Which I think I said there already I consider wrong.

> Since iommu_add_device() iterates over the phantom functions, it would be redundant to also have such a loop inside of iommu_add_dt_pci_device().
> 
> If we are to properly handle phantom devices on ARM, the SMMU drivers (smmu.c/smmu-v3.c) would need some more work. In patches 5/6 and 6/6 in this series, we have:
> 
> if ( devfn != pdev->devfn )
>     return -EOPNOTSUPP;
> 
> Also, the ARM SMMU drivers in Xen currently only support a single AXI stream ID per device, so some development would need to occur in order to support phantom devices.
> 
> Should phantom device support be part of this series, or would it be acceptable to introduce phantom device support on ARM as part of a future series?

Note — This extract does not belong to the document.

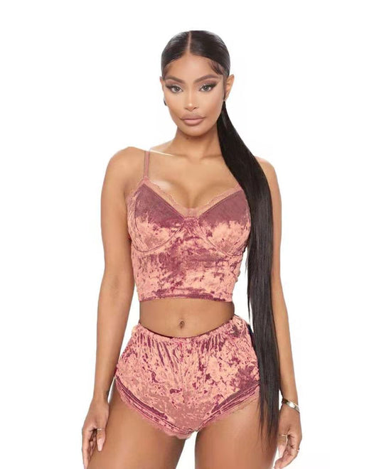 New Arrival Lace Velvet Lingerie Two Pieces Women Pajama Set Nightwear Valentine's Day Lingerie Sets

I wouldn't view this as a strict requirement, so long as it is made clear in
respective patch descriptions.

> Lastly, I'd like to check my understanding since phantom devices are new to me. Here's my understanding:
> 
> A phantom device is a device that advertises itself as single function, but actually has multiple phantom functions. These phantom functions will have unique requestor IDs (RID). The RID is essentially the BDF. To use a phantom device with Xen, we specify the pci-phantom command line option, and we identify phantom devices/functions in code by devfn != pdev->devfn.

The command line option is there only to work around errata, i.e. devices
behaving as if they had phantom functions without advertising themselves
as such. See our use of PCI_EXP_DEVCAP_PHANTOM. As you can see, this being
PCIe only, and legacy PCI device bevaing this way would require use of the
command line option.

> On ARM, we need to map/translate a BDF to an AXI stream ID in order for the SMMU to identify the device and apply translation. That BDF -> stream ID mapping is defined by the iommu-map/iommu-map-mask property in the device tree [1]. The BDF -> AXI stream ID mapping in DT could allow phantom devices (i.e. devices with phantom functions) to use different stream IDs based on the (phantom) function.
> 
> So, in theory, on ARM, there is a possibility we may have a device that advertises itself as single function, but will issue AXI transactions with multiple different AXI stream IDs due to phantom functions. In this case, we will want each AXI stream ID to be programmed into the SMMU to avoid SMMU faults.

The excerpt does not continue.